Type the date below your name and address line.
Type in the addressee's formal title and mailing address.
Introduce yourself and state in the most basic way the purpose of your letter. You might start with something like "My name is V------ and I am the owner of V------. I am writing to you to request permission to use several screenshots from your software."
Delve more specifically into what parts of the software, web page or other media you will be using in the screenshots, starting with a new paragraph. For example, you might say, "I would like to specifically use the 'Theme Chooser' page from Keynote '09 5.0.5. to demonstrate how graphic presentations can improve online marketing." The key here is to be as specific as possible about what you will be showing in your screenshots and why those are relevant to the work you are doing.

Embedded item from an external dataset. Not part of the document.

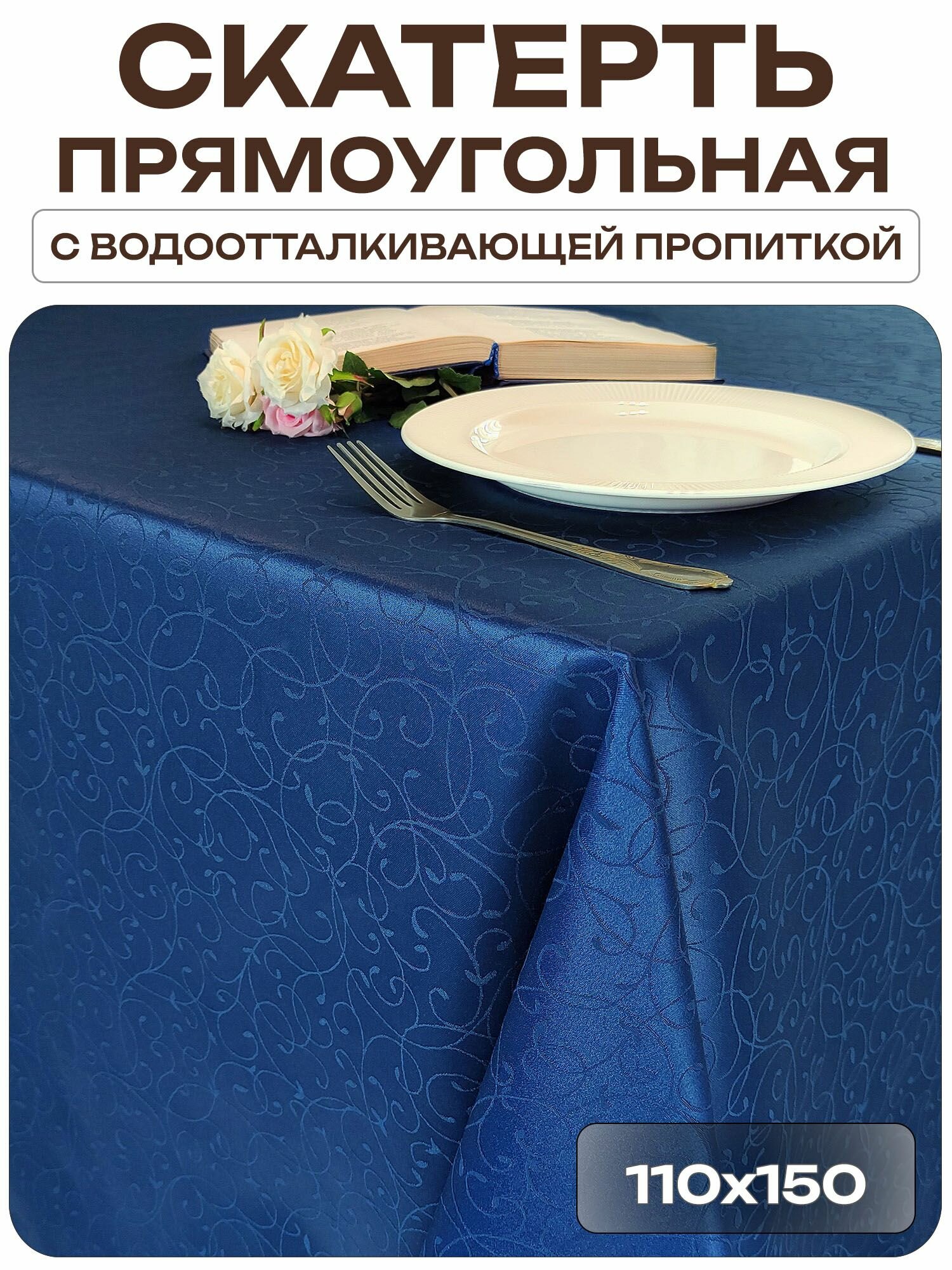 Скатерть 145x240 см. цвет синий узор 1812 тонкий завиток с пропиткой от загрязнений

Provide detailed information at the close of the letter, including the date when you would like to use these screenshots, if it is for a specific event, or the publication deadline you have. Give the addressee a set amount of time (not too little; you may be working with large corporations that have lots of red tape) to respond, and allow them plenty of ways to contact you.
Tips and warnings
- Purchase delivery confirmation from your mail carrier. Also keep a signed copy of the letter. If you want to be extra cautious, sign it in the presence of a notary. If you should run into trouble with the company later on, this would provide some proof that you requested permission --- although just requesting it is no longer satisfactory for many publishing houses. You need to receive the permission.